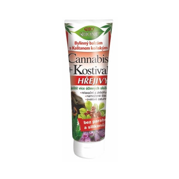 Bylinný balzám s kaštanem koňským a hřejivým efektem. Se zvýšeným obsahem oblíbených účinných složek. Hřejivý balzám na unavené tělo je emulgel s "koňskou silou" kaštanu koňského a kostivalu lékařského. Extrakt kaštanu, kostivalu, boswellie a další složky působí relaxačně a blahodárně na pohybový aparát těla. Používá se k relaxační a uvolňující masáži pokožky v oblastech kloubů, na unavené těžké nohy, při svalovém zatuhnutí, pro relaxašní masáže natažených šlach a při různých dalších zhmožděninách. Masáží se pokožka i ostatní tkáně prokrví a prihřejí. Uvolní se svalový tonus. Na pokožce vytváří hřejivý efekt, který uvolnění posílí. Balzám obsahuje nejen konopný olej, ale i extrakt z celé listové části rostliny. Tím dodává přípravku unikátnost a spotřebiteli maximum cenných látek z této výjimečné rostliny. Vedle nenasycených mastných kyselin, fytosterolů, fosfolipidů dodává i řadu antioxidantů, biominerálů, vitamínů, karotenoidů a chlorofylů. Je obohacen o účinnou složku MSM. Extrakt i olej Cannabis je znám svým používáním v lidovém léčitelství pro své údajné potizánětlivé, antibakteriální, protialergické a regenerační vlastnosti na pokožku. Olej ze semínek rostliny Cannabis se v lidovém léčitelství s oblibou doporučuje na různé dermatitidy, u atopického ekzému, lupénky, akné a oparů. Má uklidňující a zvláčňující účinky. Chrání pokožku před vysoušením a praskáním. Dále obsahuje hydratační glycerin, rostlinné bambucké máslo, panthenol, allantoin a vitamín E. Rychle se vstřebává a zanechává příjemný nemastný pocit.
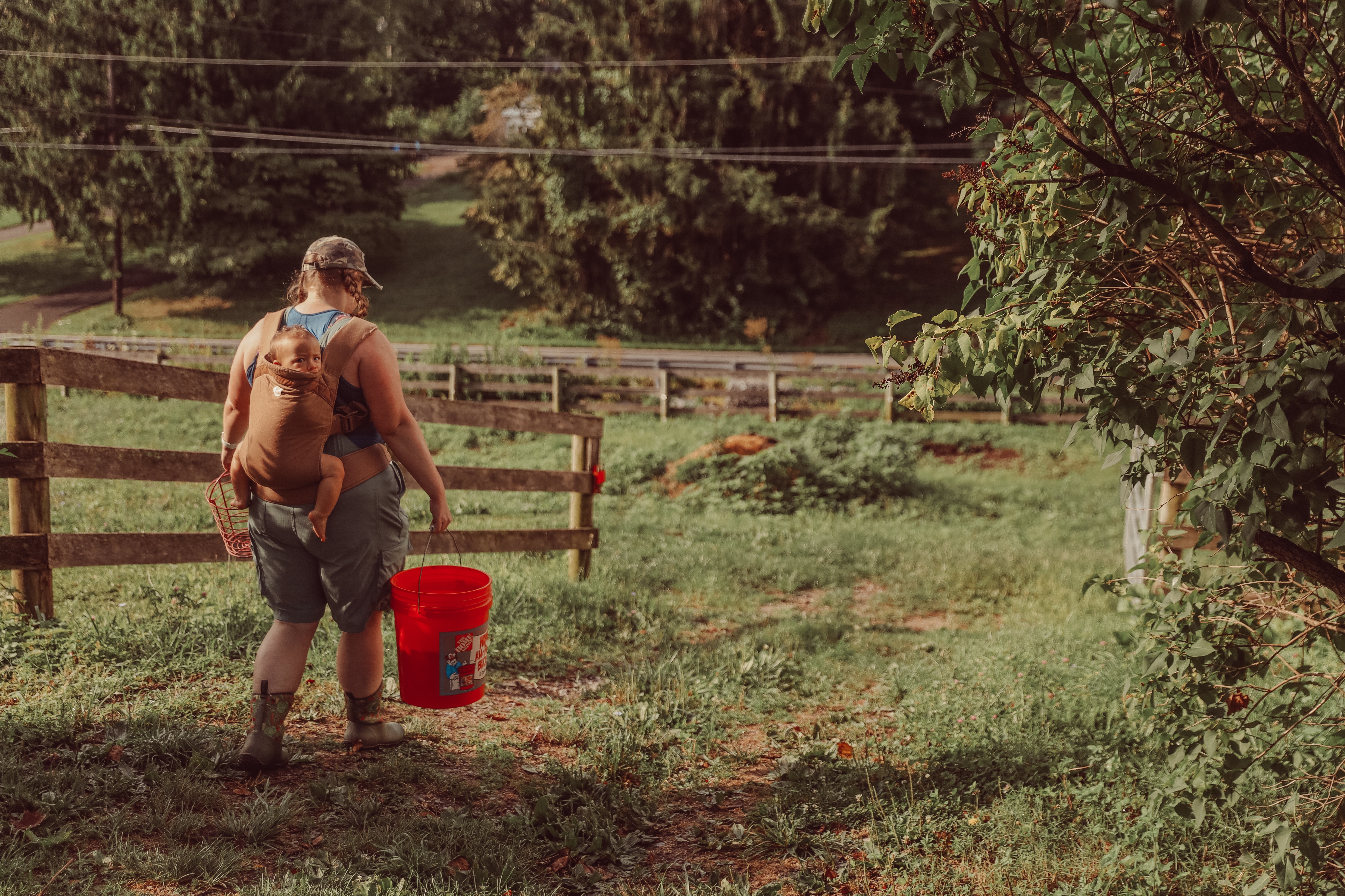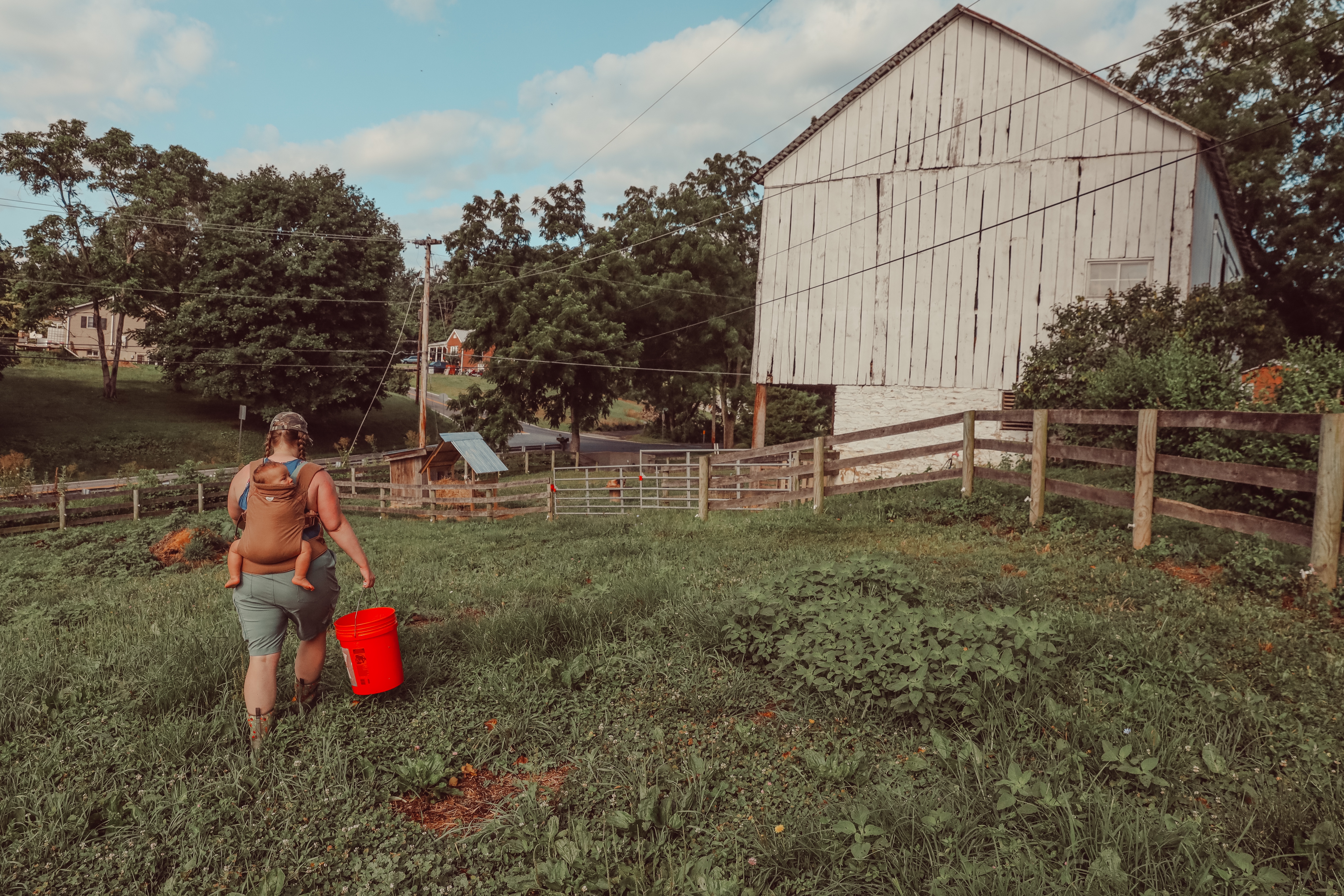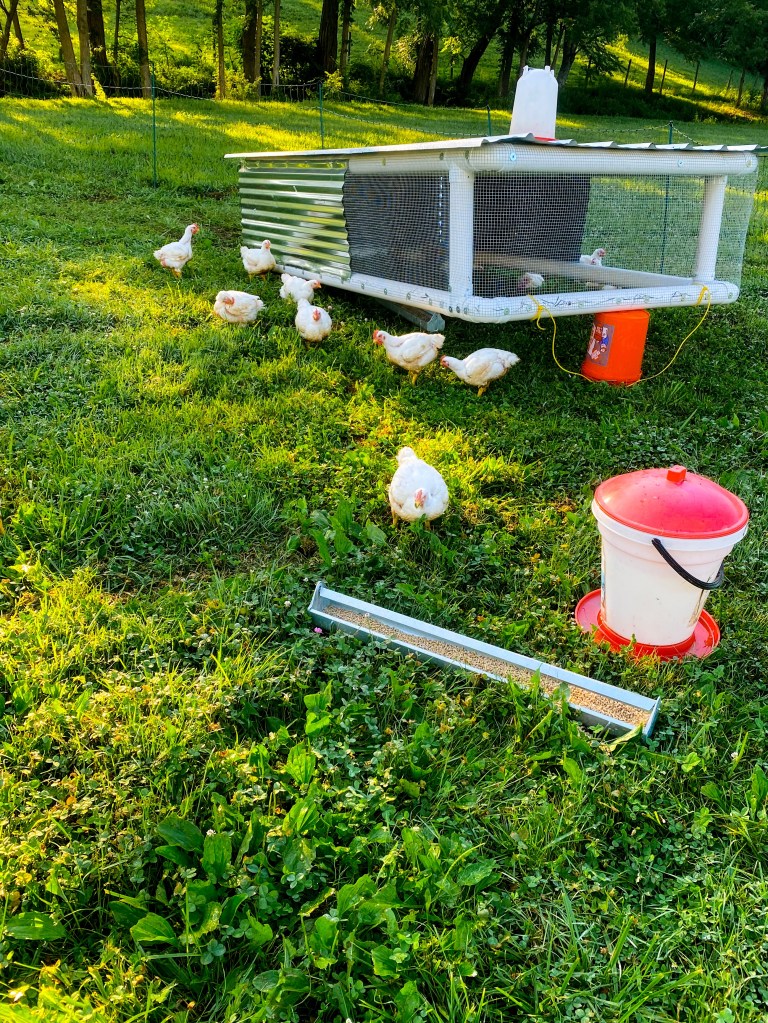 All of our meat birds are raised on pasture in portable pens, with the option to wander in an electrified enclosure. While they enjoy access to grass and whatever they can find on pasture, we offer free choice grain to supplement their diet.
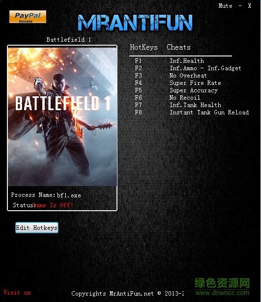 战地九项修改器是一款多功能游戏复制工具,专为《战地1》玩家准备,除了常见的无限生命、弹药这些基本功能外,还有坦克无限生命、坦克瞬间装载武器,有没有很强大,喜欢就赶紧来绿色资源网下载吧!
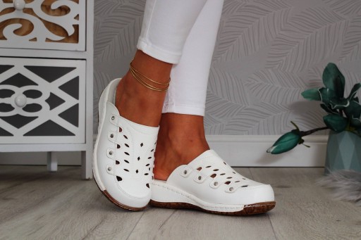 HIT klapki damskie na niskiej koturnie w kolorze białym, lekkie i wygodne.
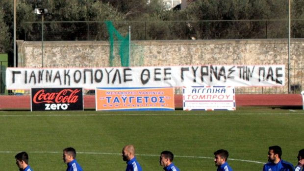 Οι φίλαθλοι της Σπάρτης επιθυμούν την επιστροφή του Δημήτρη Γιαννακόπουλου στο διοικητικό τιμόνι της ομάδας τους και για αυτό κρέμασαν σχετικό πανό στο ματς με τον Κισσαμικό (photos)

■ Task statement
In the records above, transcribe exactly the lines from the one containing "战地九项修改器是一款多功能游" through the last line, both included, and skip the pictures.

■ Solution to the problem
 战地九项修改器是一款多功能游戏复制工具,专为《战地1》玩家准备,除了常见的无限生命、弹药这些基本功能外,还有坦克无限生命、坦克瞬间装载武器,有没有很强大,喜欢就赶紧来绿色资源网下载吧!
 HIT klapki damskie na niskiej koturnie w kolorze białym, lekkie i wygodne.
 Οι φίλαθλοι της Σπάρτης επιθυμούν την επιστροφή του Δημήτρη Γιαννακόπουλου στο διοικητικό τιμόνι της ομάδας τους και για αυτό κρέμασαν σχετικό πανό στο ματς με τον Κισσαμικό (photos)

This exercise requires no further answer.